### What you have to do
Beneath this instruction is a listing; print exactly the lines in it starting at the line that contains "マリーゴールドは花が咲きました。いよいよ次回は植付けです。" and going through the line that contains "5月9日と16日(ともに木曜".

### Material for this task

________________________________________

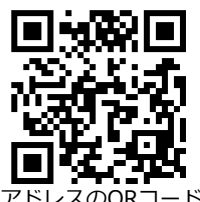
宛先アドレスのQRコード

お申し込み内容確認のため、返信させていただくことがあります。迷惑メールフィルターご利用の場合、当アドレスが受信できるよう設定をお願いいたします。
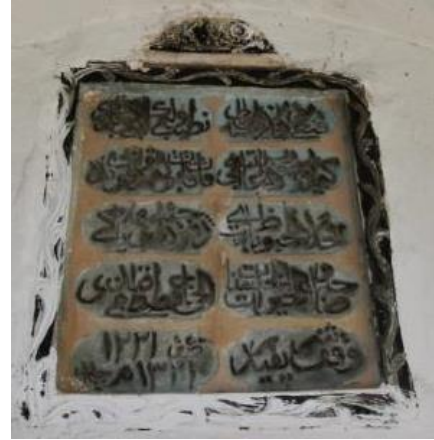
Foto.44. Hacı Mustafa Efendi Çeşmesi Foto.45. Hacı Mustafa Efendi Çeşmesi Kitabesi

________________________________________

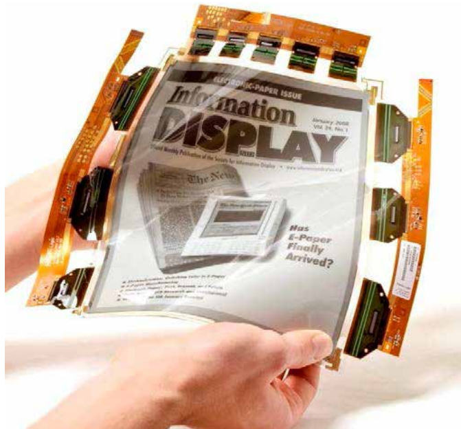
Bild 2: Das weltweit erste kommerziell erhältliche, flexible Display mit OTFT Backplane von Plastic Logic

________________________________________

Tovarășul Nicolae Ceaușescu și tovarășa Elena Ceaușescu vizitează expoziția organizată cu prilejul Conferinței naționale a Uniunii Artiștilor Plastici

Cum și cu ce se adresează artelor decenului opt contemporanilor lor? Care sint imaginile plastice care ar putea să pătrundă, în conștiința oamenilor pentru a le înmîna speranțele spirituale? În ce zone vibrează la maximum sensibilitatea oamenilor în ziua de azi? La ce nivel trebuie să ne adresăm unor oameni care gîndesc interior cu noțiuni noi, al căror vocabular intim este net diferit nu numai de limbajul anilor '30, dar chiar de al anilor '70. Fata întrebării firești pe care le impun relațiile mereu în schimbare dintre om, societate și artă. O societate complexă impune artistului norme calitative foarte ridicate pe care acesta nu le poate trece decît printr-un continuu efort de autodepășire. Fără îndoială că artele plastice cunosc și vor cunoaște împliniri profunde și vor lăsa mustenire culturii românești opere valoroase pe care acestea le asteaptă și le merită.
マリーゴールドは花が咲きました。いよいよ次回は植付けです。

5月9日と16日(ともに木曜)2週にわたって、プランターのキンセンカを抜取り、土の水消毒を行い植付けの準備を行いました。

________________________________________

### Written response
マリーゴールドは花が咲きました。いよいよ次回は植付けです。

5月9日と16日(ともに木曜)2週にわたって、プランターのキンセンカを抜取り、土の水消毒を行い植付けの準備を行いました。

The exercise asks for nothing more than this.